In order to shrink its chronic budget gaps, the MTA will have to find ways to streamline operations. The authority has looked to increase administrative efficiencies in the Metro-North Railroad and the Long Island Rail Road, for example, but many analysts believe the MTA has no choice but to lower its labor costs. The agency recently enacted overtime controls, but larger issues will need to be addressed in order to bring down its cost structure.
“They need to have a serious effort to work with the TWU (Transport Workers Union) on the package of benefits and the cost of benefits, especially for retirees,” said Mitchell Moss, director of the New York University Rudin Center for Transportation. “They are going to have to have a serious examination on how they can manage the rising costs of pensions and health benefits.”
In order for the authority to reduce health care costs, transit workers will have to increase their contributions, which are lower than those of some state employees, or it will have to find savings in other ways. One possibility could be providing in-house health care, a model that the New York Hotel and Motel Trades Council pioneered. Health care reform at the national level, such as through the implementation of a public option or single-payer system, could also help.

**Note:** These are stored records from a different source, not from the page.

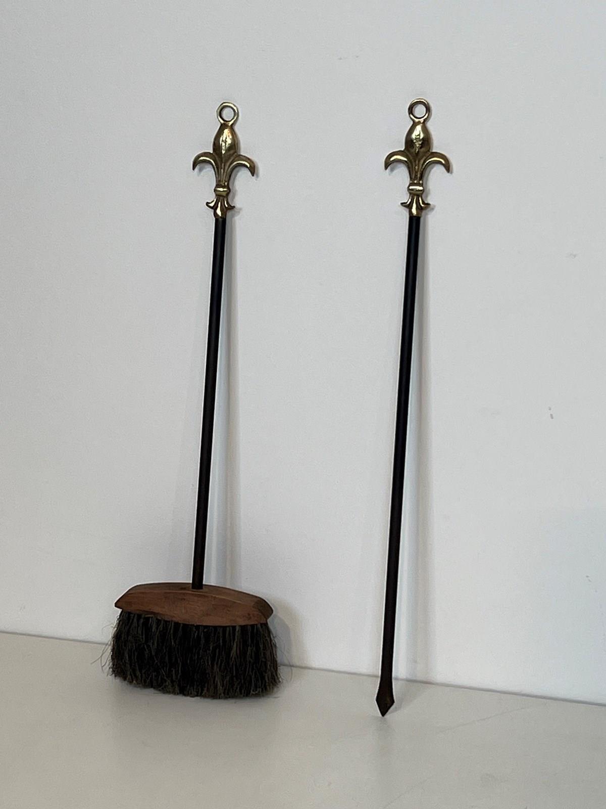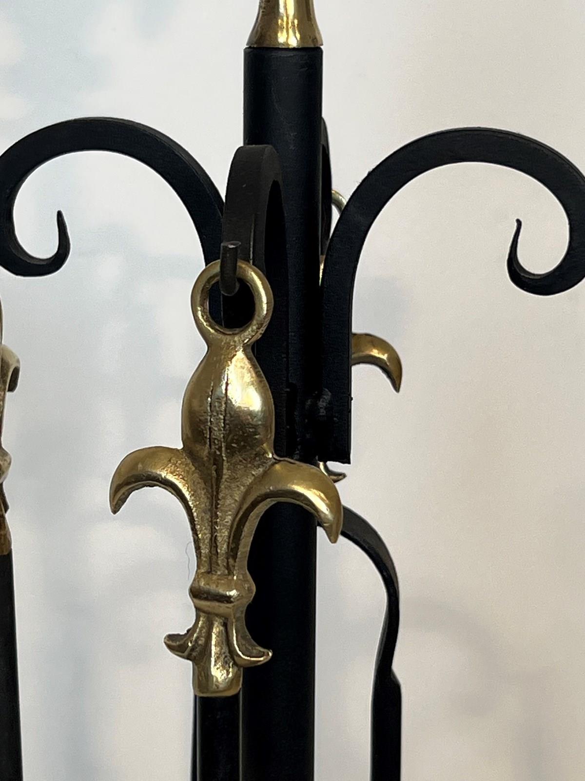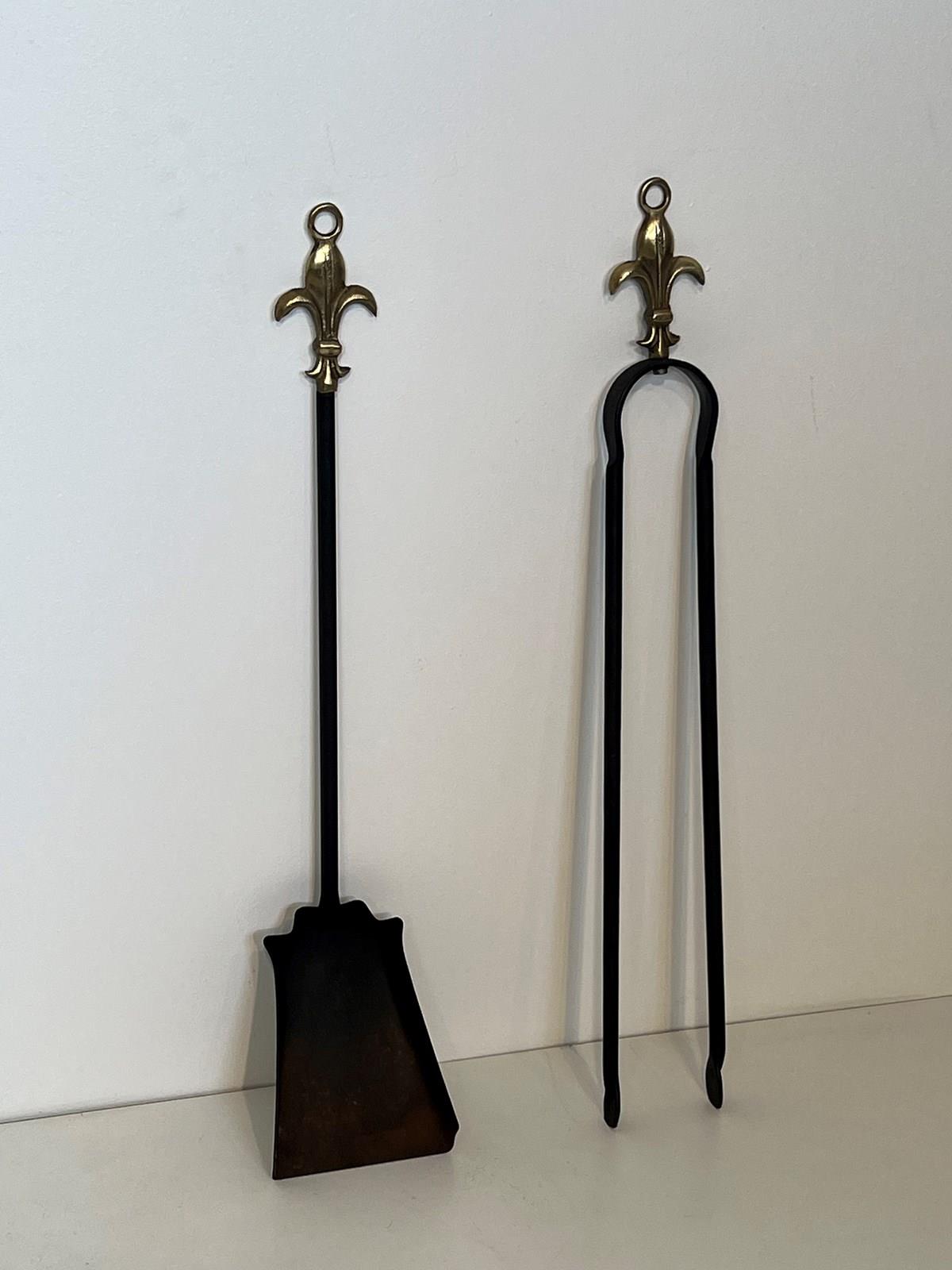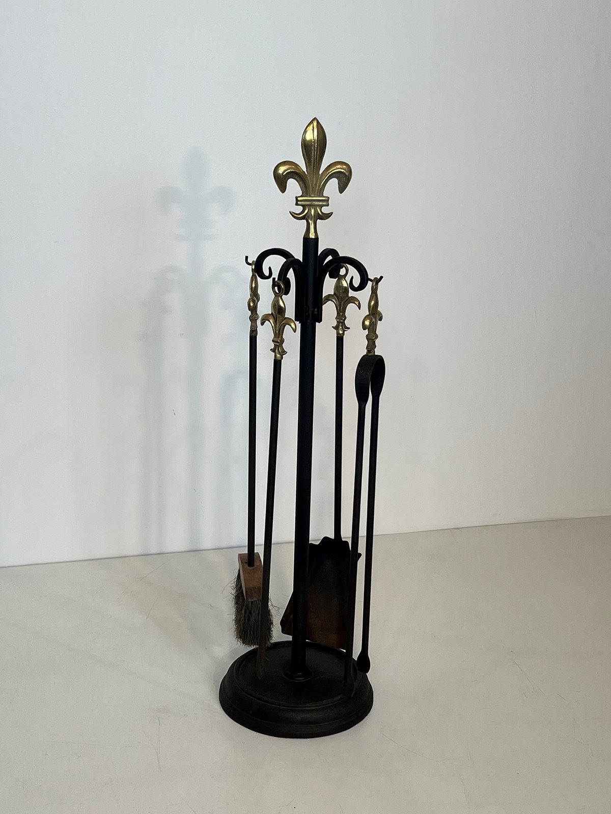 Neoclassical style black lacquered metal and brass fireplace tools with lily flowers. French work. Circa 1970
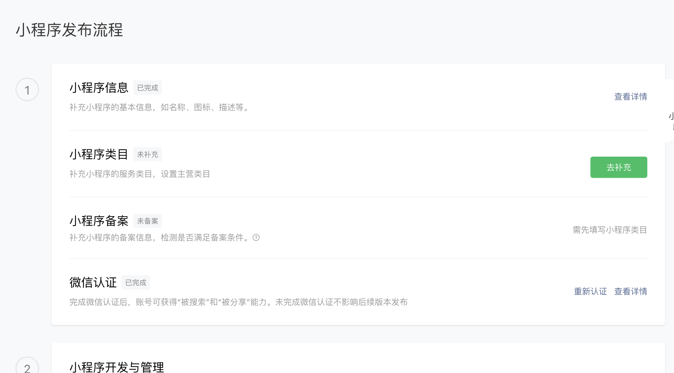 小程序信息已经填写,也进行了认证,点击查看详情提示补充信息
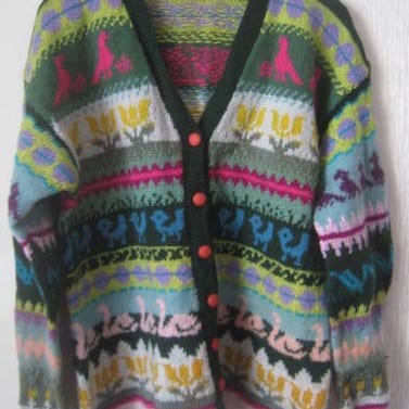 Lasten neulatakki. Mitat olkapäästä helmaan 46 cm, kainalosta kainaloon 33 cm, hihan pituus 31 cm ja hihan pituus kainalosta mitattuna 31 cm. Käsinkudottu.
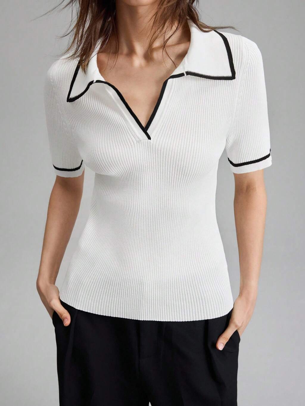 Ropa de temporada otoño/invierno 2025, regreso a clases, atuendo de Halloween, Navidad, uniforme de maestra, ropa para salir de noche, blusa de punto casual de negocios, polo de contraste negro y blanco, suéter de punto
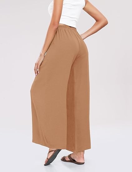 Classic &Comfort】Wide leg high waisted pants for women are made of high quality linen & cotton blend fabric, flowy beach pants lightweight and soft, skin-friend. 【Note Size】Loose dress pants for women for S- XXL, please refer to the picture on detail page ,loose pants for women high waist,wide leg beach pants for women,high waisted boho pants, flowy pants for women,high wasted pants,tie front flowy wide leg pants. 【More unique design】Womens high waisted wide leg pants are designed with solid color. loose fit palazzo pants for women with two pocket,wide leg pants, flowy summer pants,beach cover up pants,elastic waist, bow tie,suitable for all shapes and sizes 【Perfect for More Occasions】Summer dress pants for women who go from the office to casual life with the whole process, yoga, jogging, hiking, outdoor activities, casual wear, home wear, streetweat, going out, vacation or beach wear. summer wide leg pants for women 2024 suit all occasion.
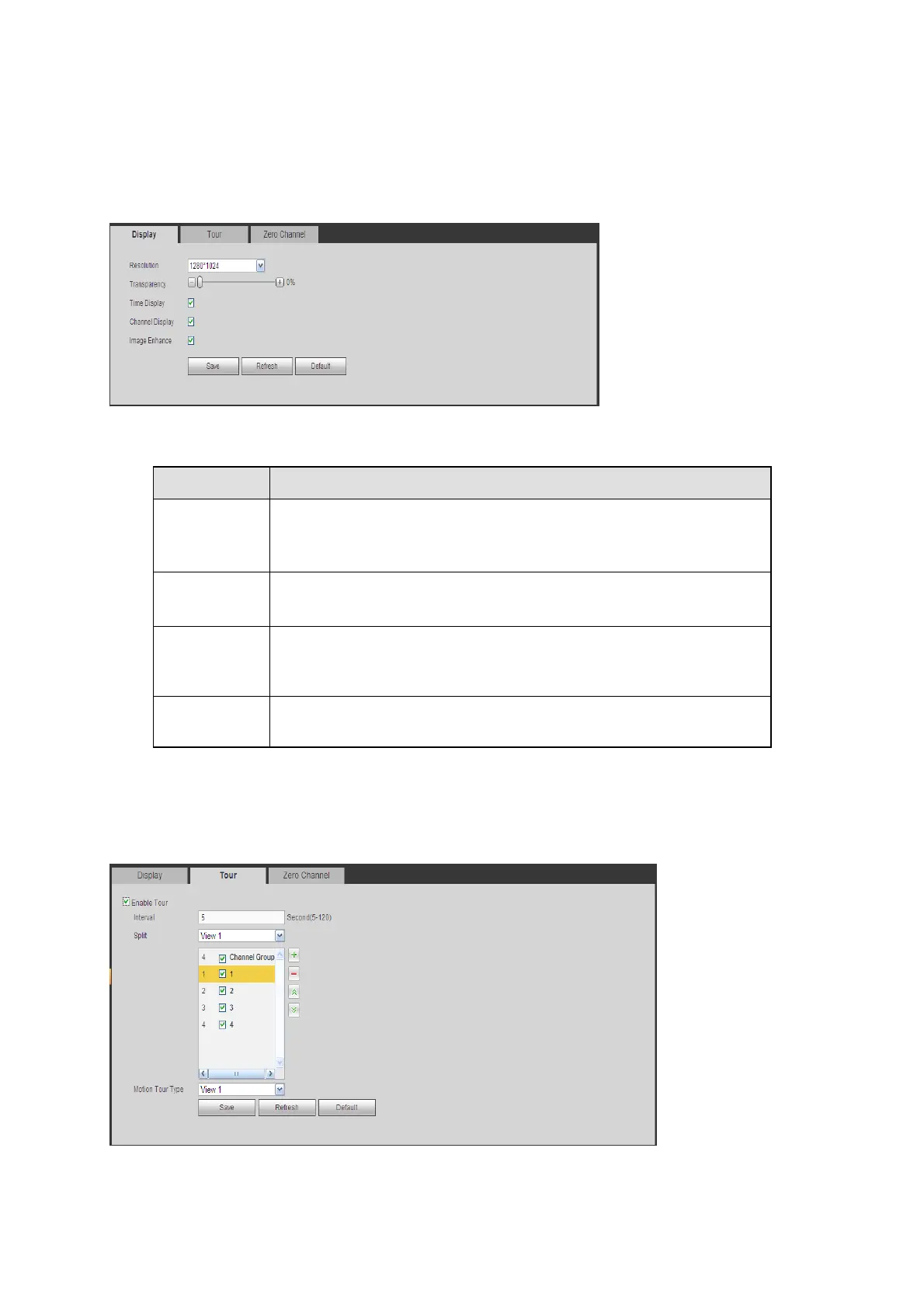 Display interface includes GUI, TV adjust, Tour and zero-channel encoding.

“Most countries and governments see mass transit as an inherent infrastructure requirement if they want to have a functioning city. We haven’t gotten there yet.” – David Jones, president, Community Service Society of New York and MTA board member
But it has been MTA workers, a large portion of whom are Black and Latino, who kept the system running throughout 2020, even during the darkest months of the pandemic. More than 100 died of the coronavirus last year. “This is complicated politically because one of the reasons that the $4 billion (in relief) was included in the federal allocation was the extraordinary pressure put on both Republicans and Democrats by the national union,” Jones said. “So obviously they are not only protecting the system, they are protecting their workforce.”

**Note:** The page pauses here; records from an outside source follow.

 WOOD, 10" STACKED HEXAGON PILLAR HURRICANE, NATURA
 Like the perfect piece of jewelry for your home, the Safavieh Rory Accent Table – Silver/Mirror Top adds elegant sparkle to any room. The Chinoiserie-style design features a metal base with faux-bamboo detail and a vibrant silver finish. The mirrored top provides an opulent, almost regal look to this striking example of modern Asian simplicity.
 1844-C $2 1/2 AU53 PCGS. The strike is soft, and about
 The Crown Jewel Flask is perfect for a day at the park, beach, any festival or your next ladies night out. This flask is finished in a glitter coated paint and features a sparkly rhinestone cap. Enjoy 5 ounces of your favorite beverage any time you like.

Jones said that in addition to new sources of revenue – a temporary gasoline surcharge, a stock-transfer tax and adding tolls to the East River bridges are avenues he believes should be considered – the authority may need to rethink the extent of its dependence on fares. “One of the problems is that the MTA relies on farebox revenue virtually more than any system in the country or worldwide,” Jones said. “Most countries and governments see mass transit as an inherent infrastructure requirement if they want to have a functioning city. We haven’t gotten there yet, and we think there’s going to have to be deeper subsidies coming from the federal government, state and city to sustain the system and see it markedly improve.”

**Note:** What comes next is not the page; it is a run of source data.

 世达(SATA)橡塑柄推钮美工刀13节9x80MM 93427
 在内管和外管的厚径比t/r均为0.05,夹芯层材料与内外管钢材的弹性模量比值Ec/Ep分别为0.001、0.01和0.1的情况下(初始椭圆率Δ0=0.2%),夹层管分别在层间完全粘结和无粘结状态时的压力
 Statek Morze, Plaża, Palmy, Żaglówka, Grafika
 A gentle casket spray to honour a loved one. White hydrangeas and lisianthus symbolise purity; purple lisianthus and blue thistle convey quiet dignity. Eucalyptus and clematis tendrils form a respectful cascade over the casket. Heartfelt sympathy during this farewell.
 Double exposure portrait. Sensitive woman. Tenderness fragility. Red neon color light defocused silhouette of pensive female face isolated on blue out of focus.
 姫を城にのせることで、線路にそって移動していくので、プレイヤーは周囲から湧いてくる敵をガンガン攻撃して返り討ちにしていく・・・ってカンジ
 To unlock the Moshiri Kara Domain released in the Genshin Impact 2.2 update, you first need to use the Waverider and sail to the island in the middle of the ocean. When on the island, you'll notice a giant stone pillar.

The MTA board recently held hearings on fare increases, but it may not pursue those increases this year.
Congestion pricing, if finally implemented, could provide another potential funding stream, as could the legalization of recreational marijuana and online sports betting.
Nobody knows how long it will take for the economy to rebound, nor how the post-pandemic restructuring of society will impact transit ridership. But the fact that permanent changes to life and work are likely to alter commuting patterns increases the urgency for the MTA to get its fiscal house in order, especially while the federal government is still providing stimulus spending to mitigate the economic damage of the pandemic.
“The MTA fiscal problem is still dire, and the city’s fiscal situation is still dire, and since they are all intertwined, federal aid is needed by all,” Rein said. “The MTA’s problem is the state’s problem, and the state’s problem is the MTA’s problem, and it all can tumble into the city’s fiscal problem.”